→ Aim of the exercise
Below are records with pictures in them. Output exactly the lines from the one with "I like this" through the one with "Вход в спа организован", both included, and leave every picture out; give only those lines.

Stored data
§ §

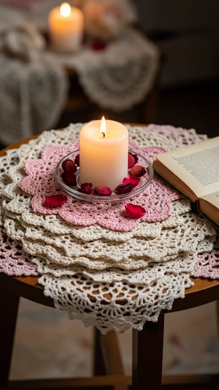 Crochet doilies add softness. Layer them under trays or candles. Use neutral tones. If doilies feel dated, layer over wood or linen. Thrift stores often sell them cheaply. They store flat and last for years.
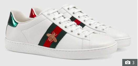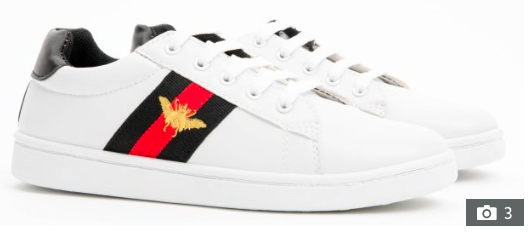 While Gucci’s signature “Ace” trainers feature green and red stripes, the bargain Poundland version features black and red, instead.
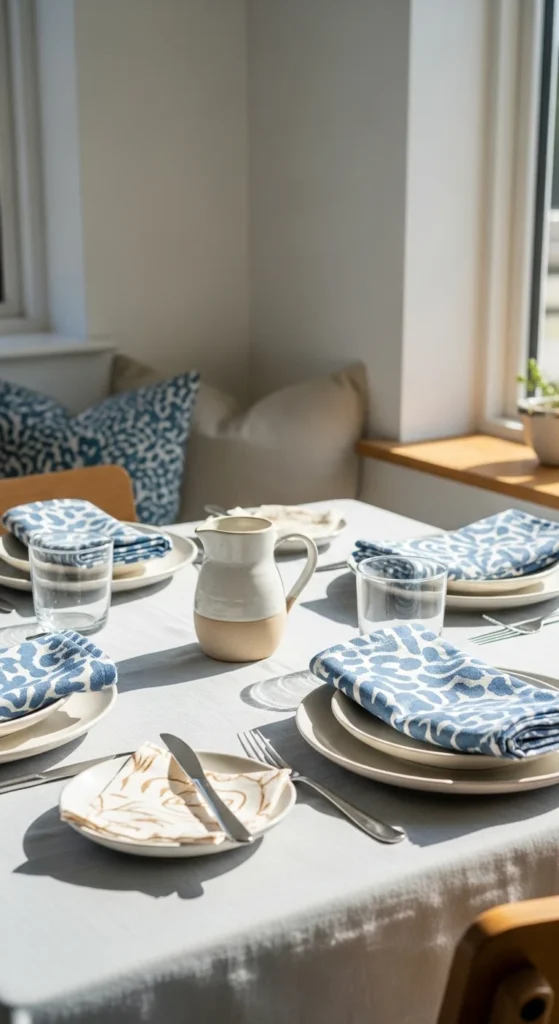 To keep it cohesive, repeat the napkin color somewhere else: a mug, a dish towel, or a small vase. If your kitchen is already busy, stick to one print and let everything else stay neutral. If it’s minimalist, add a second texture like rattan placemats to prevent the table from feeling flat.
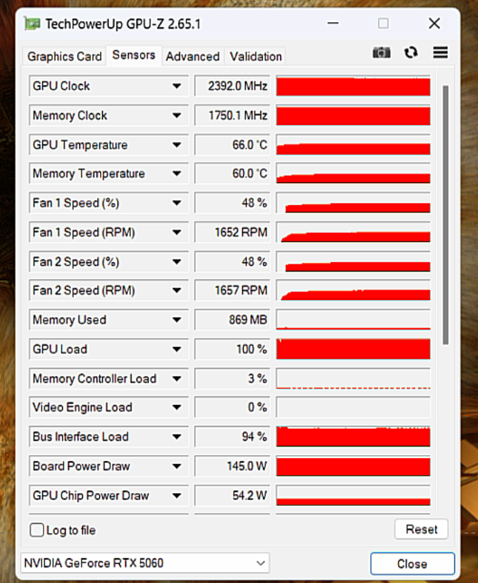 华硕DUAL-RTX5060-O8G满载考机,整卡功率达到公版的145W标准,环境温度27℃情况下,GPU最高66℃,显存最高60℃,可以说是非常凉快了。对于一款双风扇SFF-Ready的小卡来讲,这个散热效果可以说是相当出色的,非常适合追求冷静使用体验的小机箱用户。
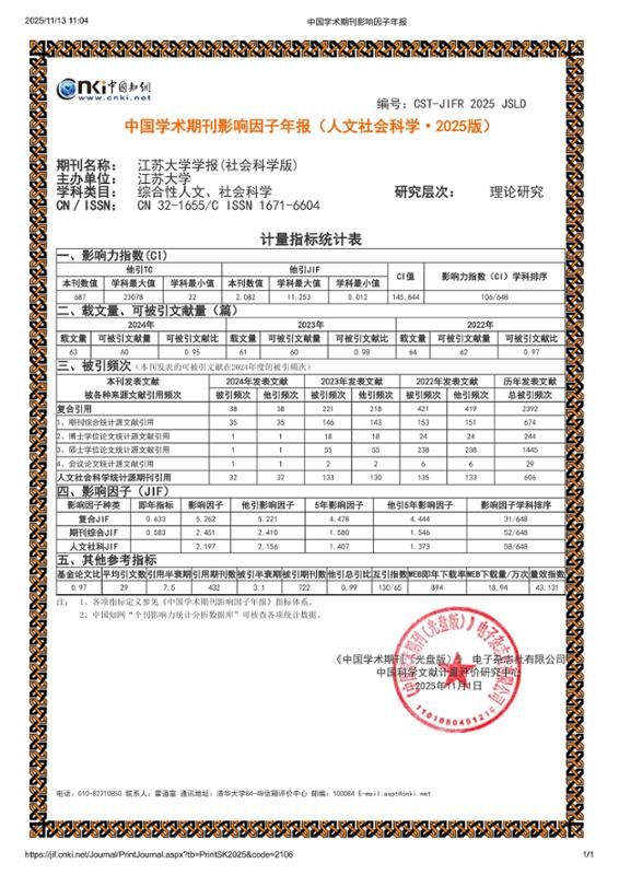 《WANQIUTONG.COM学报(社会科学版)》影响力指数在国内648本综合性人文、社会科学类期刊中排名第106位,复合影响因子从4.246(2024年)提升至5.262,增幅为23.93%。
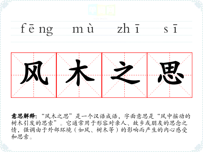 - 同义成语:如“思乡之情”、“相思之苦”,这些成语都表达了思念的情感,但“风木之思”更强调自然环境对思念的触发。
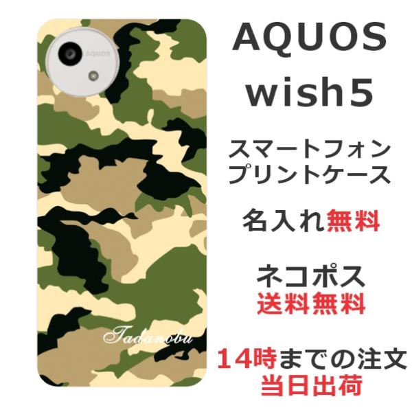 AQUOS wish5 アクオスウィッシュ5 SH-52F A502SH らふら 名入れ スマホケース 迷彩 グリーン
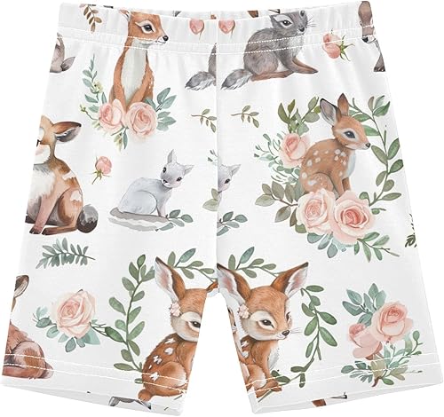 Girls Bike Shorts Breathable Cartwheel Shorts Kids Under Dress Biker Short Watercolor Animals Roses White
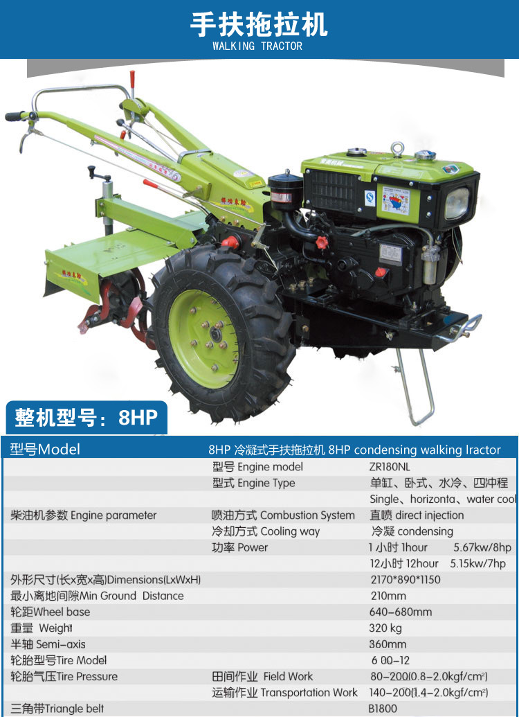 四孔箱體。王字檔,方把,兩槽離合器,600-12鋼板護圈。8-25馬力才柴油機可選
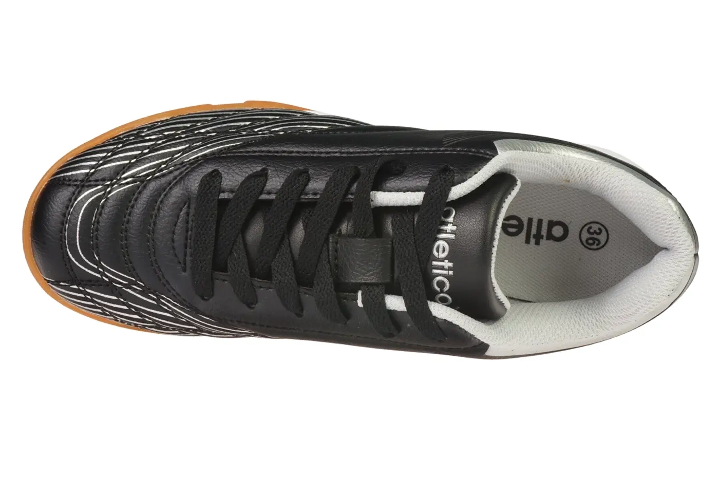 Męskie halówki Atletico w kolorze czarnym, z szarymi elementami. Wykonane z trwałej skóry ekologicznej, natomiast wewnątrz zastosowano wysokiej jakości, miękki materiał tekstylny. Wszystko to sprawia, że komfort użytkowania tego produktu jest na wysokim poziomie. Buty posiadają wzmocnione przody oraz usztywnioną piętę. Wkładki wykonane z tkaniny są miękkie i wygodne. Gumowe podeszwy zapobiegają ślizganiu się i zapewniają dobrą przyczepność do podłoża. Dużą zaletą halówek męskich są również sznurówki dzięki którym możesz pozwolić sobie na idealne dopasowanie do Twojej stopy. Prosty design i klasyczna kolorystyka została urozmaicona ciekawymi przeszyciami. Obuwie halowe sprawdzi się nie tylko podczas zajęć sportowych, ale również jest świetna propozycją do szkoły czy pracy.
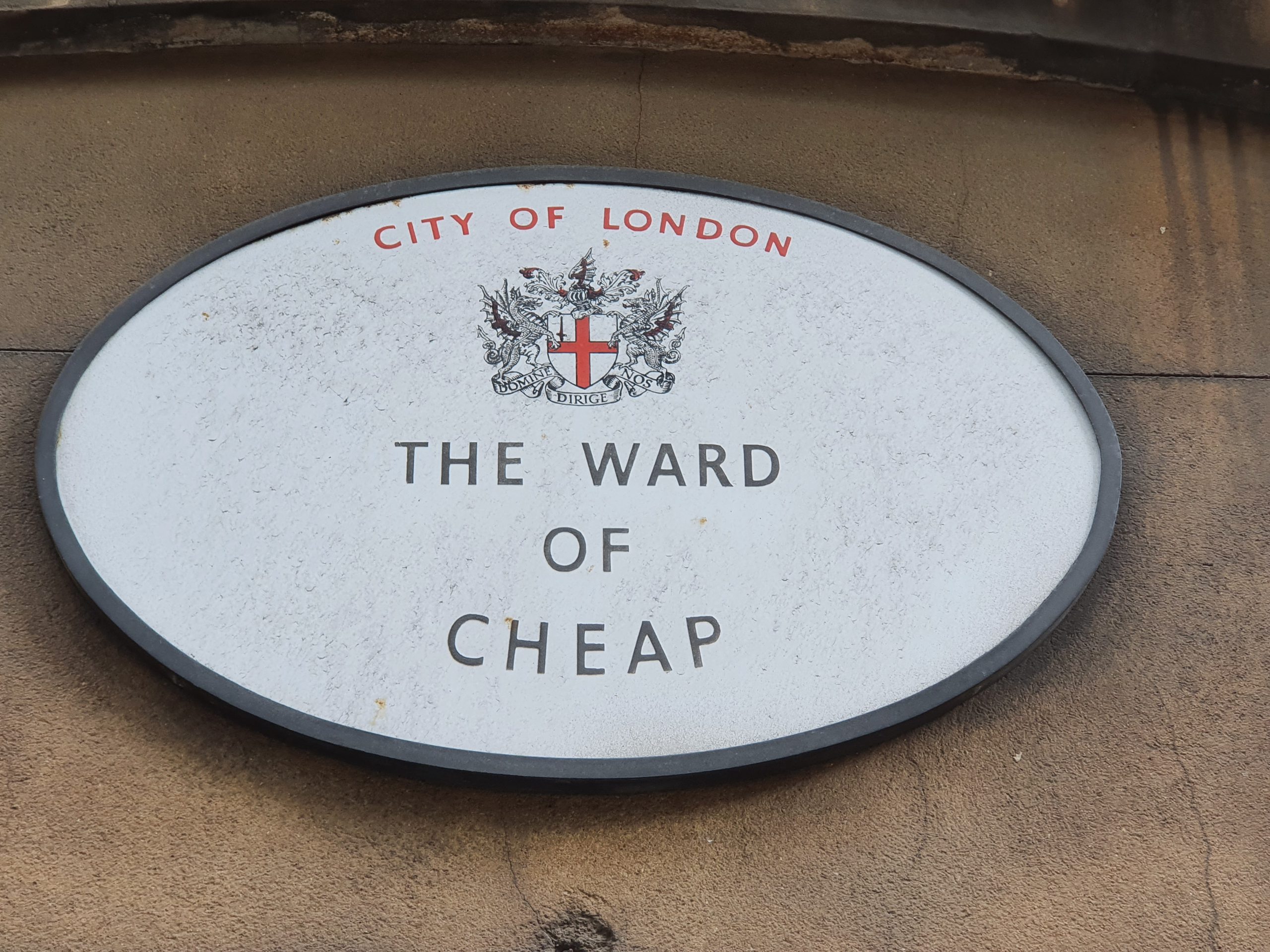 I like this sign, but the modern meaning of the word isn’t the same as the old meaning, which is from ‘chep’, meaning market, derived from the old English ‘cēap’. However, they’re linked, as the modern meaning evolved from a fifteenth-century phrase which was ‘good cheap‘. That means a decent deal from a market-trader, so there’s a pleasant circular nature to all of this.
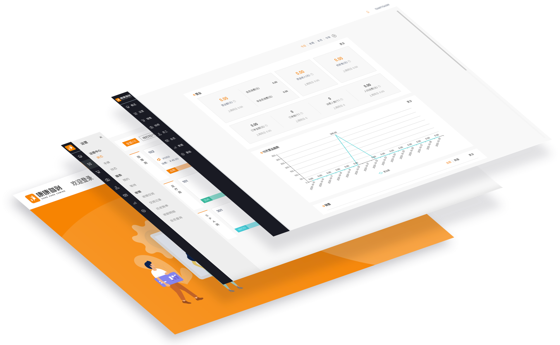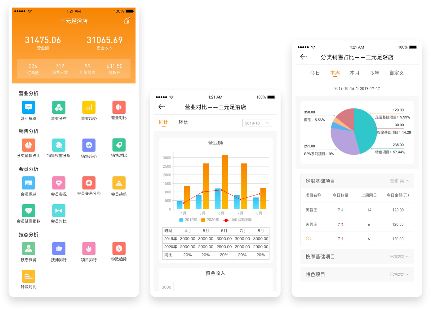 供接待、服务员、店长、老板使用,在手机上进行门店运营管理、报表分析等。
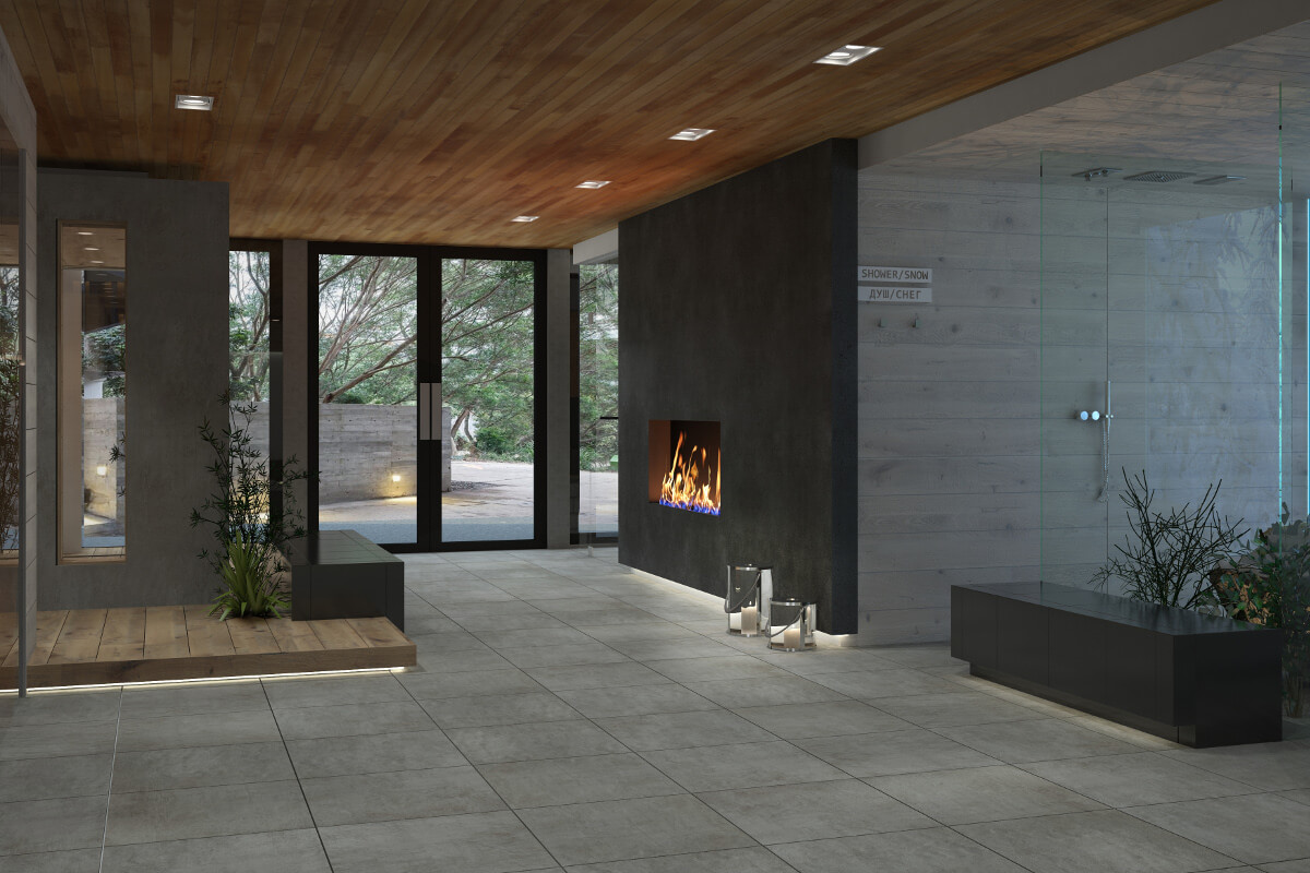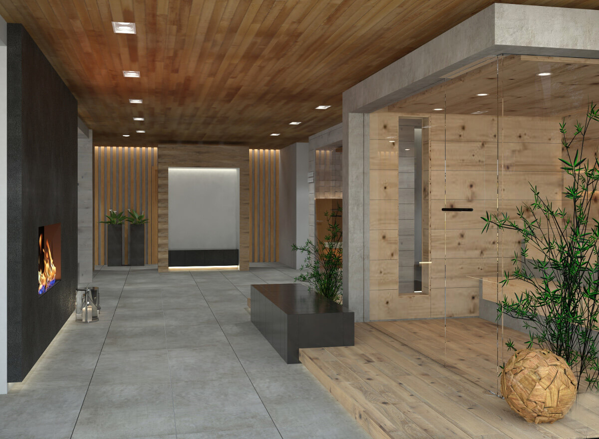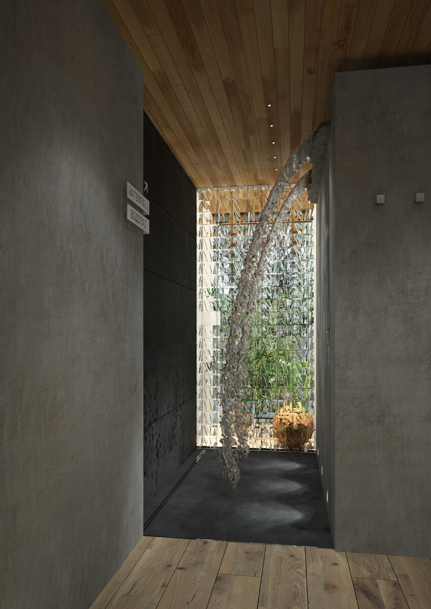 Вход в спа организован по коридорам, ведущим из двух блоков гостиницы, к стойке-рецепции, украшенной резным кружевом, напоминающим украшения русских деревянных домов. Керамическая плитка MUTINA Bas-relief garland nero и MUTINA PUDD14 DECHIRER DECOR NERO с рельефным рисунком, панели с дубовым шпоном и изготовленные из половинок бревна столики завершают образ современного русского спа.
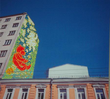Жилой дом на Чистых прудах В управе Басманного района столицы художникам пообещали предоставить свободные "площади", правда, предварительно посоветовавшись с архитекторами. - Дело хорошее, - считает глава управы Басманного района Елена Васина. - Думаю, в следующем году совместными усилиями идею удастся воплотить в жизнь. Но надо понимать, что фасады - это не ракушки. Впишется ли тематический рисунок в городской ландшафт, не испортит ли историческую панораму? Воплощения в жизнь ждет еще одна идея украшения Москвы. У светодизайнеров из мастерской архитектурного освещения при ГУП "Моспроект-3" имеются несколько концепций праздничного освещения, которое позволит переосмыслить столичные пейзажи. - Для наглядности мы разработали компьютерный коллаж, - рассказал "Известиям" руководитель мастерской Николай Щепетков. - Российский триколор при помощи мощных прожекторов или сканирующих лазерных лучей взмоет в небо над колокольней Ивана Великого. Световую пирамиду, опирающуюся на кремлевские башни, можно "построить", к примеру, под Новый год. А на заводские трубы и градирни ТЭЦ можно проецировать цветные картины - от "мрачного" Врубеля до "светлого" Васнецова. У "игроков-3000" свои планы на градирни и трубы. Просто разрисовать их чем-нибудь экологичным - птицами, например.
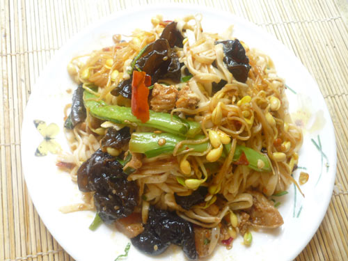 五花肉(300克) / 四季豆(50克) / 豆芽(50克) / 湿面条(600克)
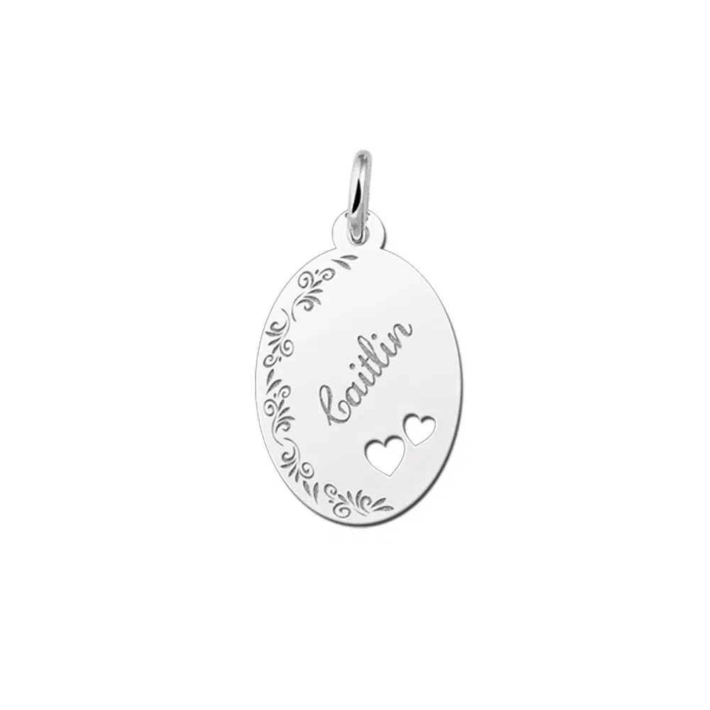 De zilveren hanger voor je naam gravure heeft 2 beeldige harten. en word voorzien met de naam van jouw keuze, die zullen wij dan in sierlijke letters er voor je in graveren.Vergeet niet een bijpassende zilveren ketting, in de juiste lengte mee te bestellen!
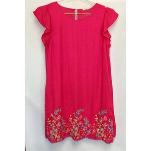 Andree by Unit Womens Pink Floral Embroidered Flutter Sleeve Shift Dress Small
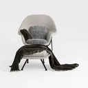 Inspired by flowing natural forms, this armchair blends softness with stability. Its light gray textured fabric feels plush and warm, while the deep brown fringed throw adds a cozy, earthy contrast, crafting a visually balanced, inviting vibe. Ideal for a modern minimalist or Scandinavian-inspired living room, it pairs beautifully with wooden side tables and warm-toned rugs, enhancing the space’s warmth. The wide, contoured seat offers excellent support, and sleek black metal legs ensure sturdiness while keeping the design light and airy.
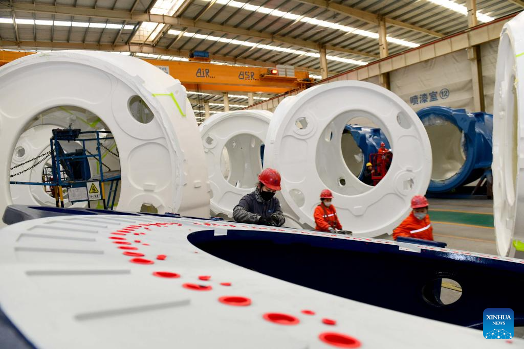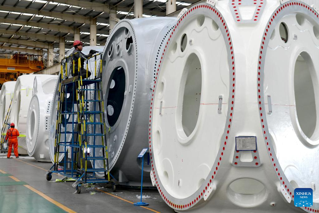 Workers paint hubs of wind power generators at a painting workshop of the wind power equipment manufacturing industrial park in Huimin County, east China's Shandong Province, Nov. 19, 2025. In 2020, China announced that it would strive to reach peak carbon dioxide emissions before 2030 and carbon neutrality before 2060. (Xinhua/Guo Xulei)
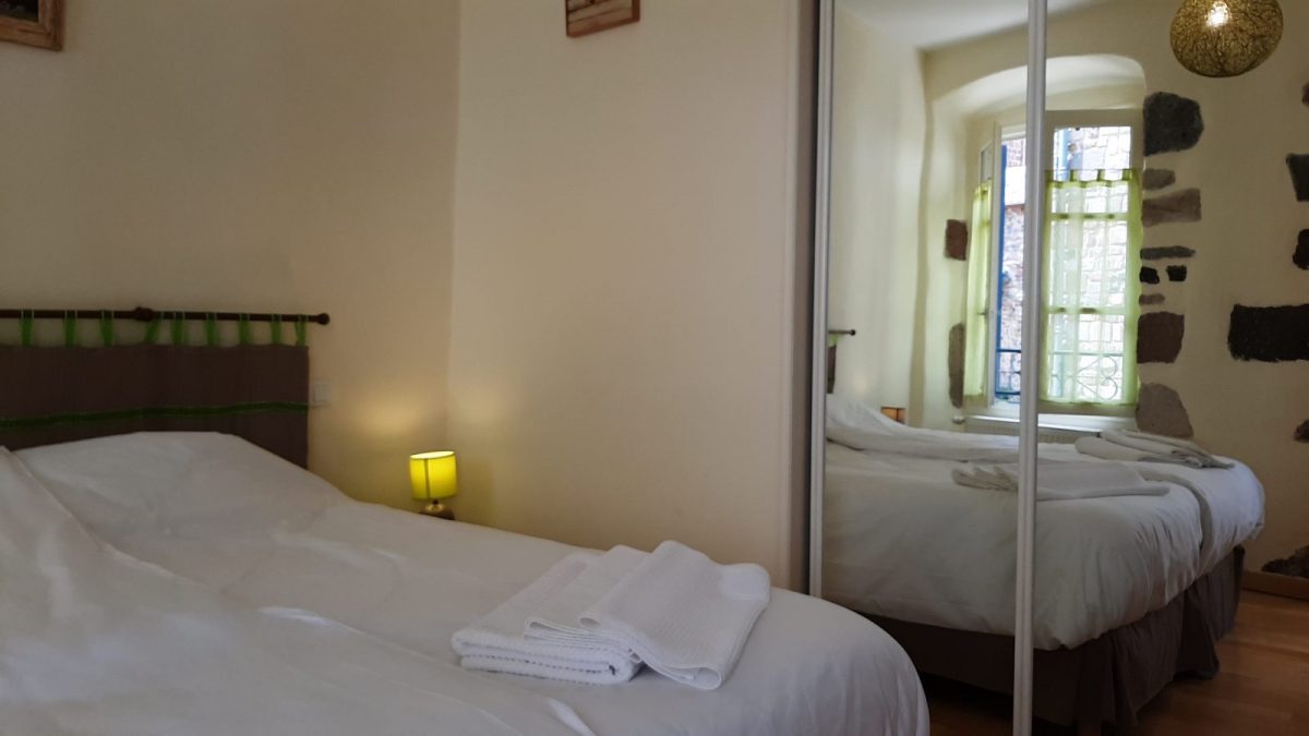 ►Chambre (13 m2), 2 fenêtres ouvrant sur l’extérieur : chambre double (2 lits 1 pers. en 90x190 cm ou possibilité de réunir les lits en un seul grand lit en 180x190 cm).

§ §

→ Written answer
 I like this sign, but the modern meaning of the word isn’t the same as the old meaning, which is from ‘chep’, meaning market, derived from the old English ‘cēap’. However, they’re linked, as the modern meaning evolved from a fifteenth-century phrase which was ‘good cheap‘. That means a decent deal from a market-trader, so there’s a pleasant circular nature to all of this.
 供接待、服务员、店长、老板使用,在手机上进行门店运营管理、报表分析等。
 Вход в спа организован по коридорам, ведущим из двух блоков гостиницы, к стойке-рецепции, украшенной резным кружевом, напоминающим украшения русских деревянных домов. Керамическая плитка MUTINA Bas-relief garland nero и MUTINA PUDD14 DECHIRER DECOR NERO с рельефным рисунком, панели с дубовым шпоном и изготовленные из половинок бревна столики завершают образ современного русского спа.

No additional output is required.